Il regista e il caso che colpì Spielberg «Lui rinunciò e mi dissi: ora tocca a me»
«La religione ha le sue certezze, che non sono contrattabili». Marco Bellocchio, 83 anni, tra i grandi autori del nostro cinema, spiega chiaro, al critico del Corriere della Sera Paolo Mereghetti che lo intervista, qual è l’idea che si è fatto della Chiesa. Di ieri e di oggi. Tanto da fare riferimento pure a papa Francesco: «Anche il nostro Papa tanto amato dice Nel nome del Signore... C’è la carità, c’è la misericordia, però non è che in nome di carità o misericordia si possano mettere in discussione i dogmi di fede». Il regista emiliano, ieri in corsa con Rapito al Festival di Cannes, è anche protagonista della copertina di 7, il settimanale del Corriere venerdì in edicola e in edizione digitale.
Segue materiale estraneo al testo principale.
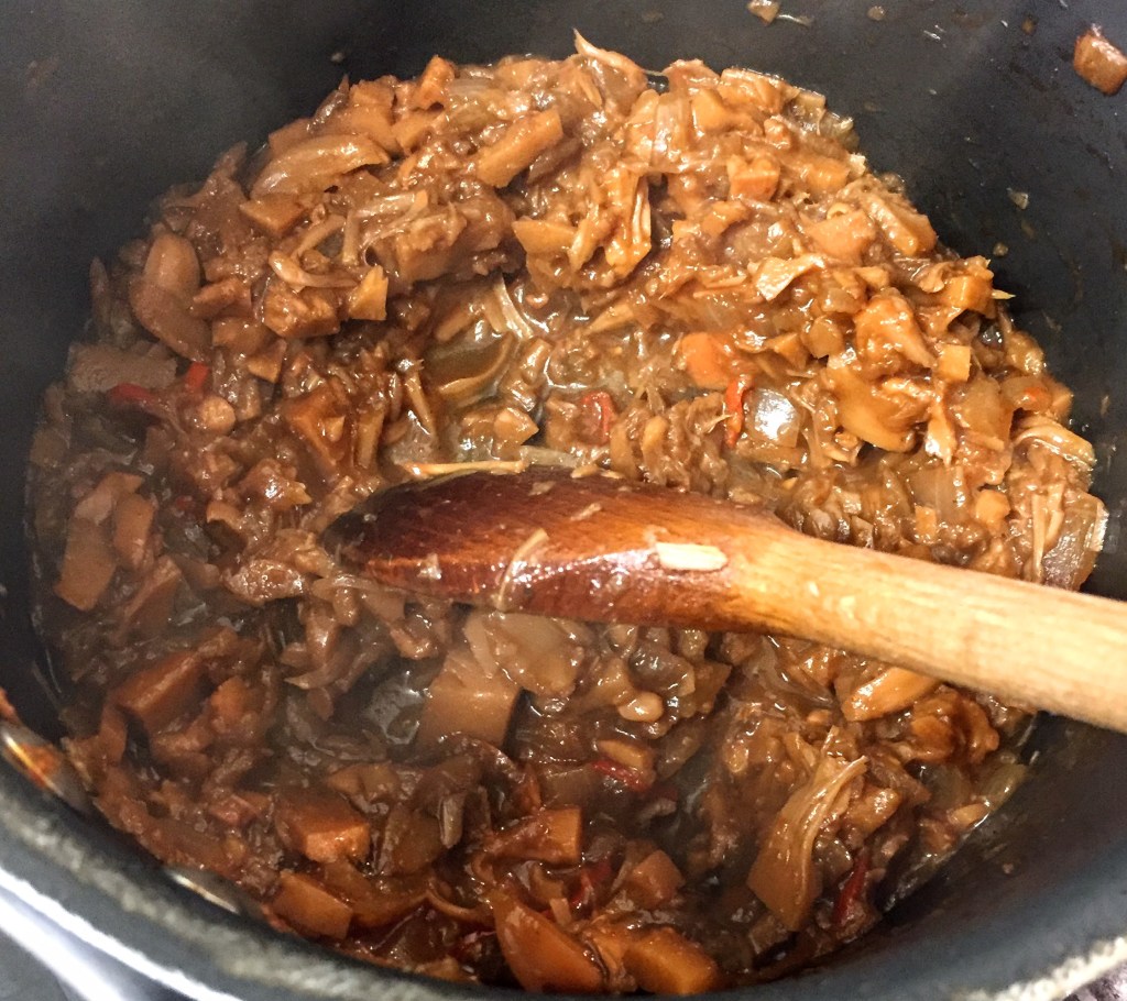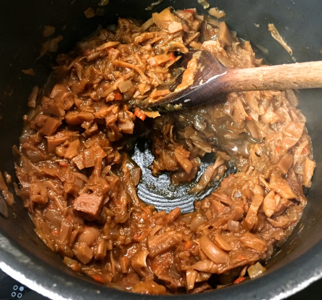 I came up with this recipe as a filling for steamed dumplings, but have since used it liberally for other things because it is SO GOOD. I’d made some attempts at jackfruit before and never been entirely happy with the results – either the texture was a bit off or the depth or balance of flavours wasn’t quite right. The main problem that I had with this version is trying not to eat all of it before I could use it as a filling. Which is not a bad problem to have.
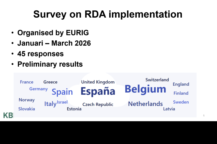 At yesterday's Joint Meeting of the RDA Board and RDA Steering Committee, Hannes Lowagie, the National Institution Representative for Europe to the RDA Board, provided an overview of his initial analysis of EURIG's survey. He will share more in the EURIG Meeting in May, but for now you can view the slides here.

Quando il magazine sarà uscito anche il film lo sarà, nelle sale cinematografiche di tutta Italia. Ma ancora la giuria del Festival sulla Croisette non avrà formulato i suoi verdetti, attesi per sabato. Chissà se la storia ambientata a metà Ottocento del piccolo ebreo Edgardo Mortara, strappato su ordine di papa Pio IX alla famiglia e portato a vivere in Vaticano, dove crescendo deciderà di farsi sacerdote, avrà colpito i giurati come ha colpito Bellocchio. E come colpì l’ebreo Steven Spielberg, che prima di lui avrebbe voluto farla diventare un film. Fu quando Spielberg rinunciò che Bellocchio, fermatosi di fronte a tanto «rivale», decise di portare al cinema la storia del piccolo Edgardo e della sua famiglia offesa, uno dei punti più bassi nella storia dei rapporti altalenanti tra cattolici ed ebrei, raccontati sempre su 7 da Antonio Carioti a corredo dell’intervista. Non pensate però ad un film anticlericale, mette in guardia lo stesso Bellocchio, affascinato dalla fede: «In me, pur ateo, c’è una disponibilità maggiore ad ascoltare».
All’interno del settimanale la tradizionale Guida di 7, stavolta dedicata ai consigli di viaggio. In Italia e all’estero.